Дифференциальная диагностика

Дифференциальная диагностика проводится в общем между абсцессами туберкулезного и нетуберкулезного происхождения, между кистовидными образованиями и новообразованиями в собственном смысле слова.

При явно туберкулезном происхождении гнойных скоплений необходимо прежде всего решить вопрос, имеем ли мы дело с натечным абсцессом или скоплением гноя внутри какого-либо органа или полости. Так, при туберкулезе сустава важно убедиться, имеются ли скопления гноя в полости сустава (эмпиема сустава), или же гной вышел за предел сустава в мягкие ткани, т. е. образован натечный абсцесс.

На шее диференциальная диагностика часто колеблется между натечным абсцессом, исходящим из позвоночника, и туберкулезным распадом в лимфатической железе. Скопления гноя на наружной поверхности грудной клетки также могут исходить из позвоночника (прокладывая себе длинный путь по ребру) или образовываться на месте при кариозном поражении ребра, или же, наконец, натекать из подплевральных и плевральных туберкулезных и гнойных поражений.

Наконец, нужно иметь в виду скопления жидкости и гноя в больших слизистых сумках при воспалении; эти скопления можно принять за натечный абсцесс, тем более что не так уже редко гной из воспаленной сумки распространяется и на окружающие ткани по типу натечного абсцесса. Это имеет наибольшее практическое значение в области большого вертела с его огромной слизистой сумкой, на костных выступах суставов, над локтевым отростком, перед надколенником, а также над выстоящими остистыми отростками при спондилитах.

Скопления гноя коккового происхождения, носящие обычно остро воспалительный «горячий» характер, могут приобретать в некоторых случаях (в зависимости от вирулентности возбудителя и реакции организма) подострое, а иногда и хроническое течение по типу отграниченных «холодных» абсцессов; чаще всего это касается абсцессов остеомиэлитического или пиэмического происхождения. С другой стороны, и туберкулезный натечный абсцесс при вторичном инфицировании может приобрести подострый, а иногда острый характер.

В таких случаях дело решает уточненный анамнез, клинико-рентгенологическая картина костного поражения, а также цитологический и бактериологический анализ гноя.

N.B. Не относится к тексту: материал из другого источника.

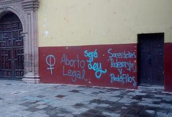 Con mensajes en pintura azul como: «Aborto Legal», «Será Ley»,«Anti Derechos» y «Sacerdotes Pederastas y Pedófilos»; fue como amaneció este templo religioso .
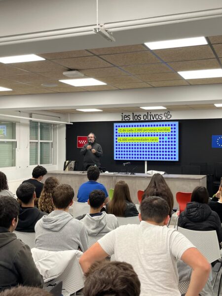 Ayer nos acompañó Lluís Montoliu, investigador del CNB ( centro nacional de biotecnología), del CSIC y del Centro de Investigación Biomédica en Red de Enfermedades Raras, y nos dio una conferencia, dirigida a los estudiantes de biología de 4 de la ESO, 1 y 2 de bachillerato, sobre estas enfermedades raras.

Особого внимания заслуживают скопления гноя в подвздошной области аппендикулярного, а в тазу гинекологического происхождения, что также может иногда послужить поводом для смешения с подвздошными и тазовыми натечными абсцессами, исходящими из позвоночника или тазовых костей. То же относится и к паранефритам.

Скопления холодного гноя, по своим морфологическим свойствам почти ничем не отличающиеся от туберкулезного, могут давать также сифилитические гуммы на костях и вблизи суставов, но они обычно незначительных размеров и не обладают способностью к миграции. В сомнительных случаях диагноз решается опять-таки на основании данных анамнеза, других проявлений сифилиса, положительной реакции Вассермана (отрицательная реакция не говорит еще против сифилиса костей и суставов), а главное — положительных результатов специфической терапии.

Ту же картину могут дать редкие случаи межтканевых скоплений крови, околосуставные, околокостные и околопозвоночные гематомы травматического происхождения, главным образом образующиеся на почве особой ломкости сосудов и наклонности к кровоизлияниям (гемофилия).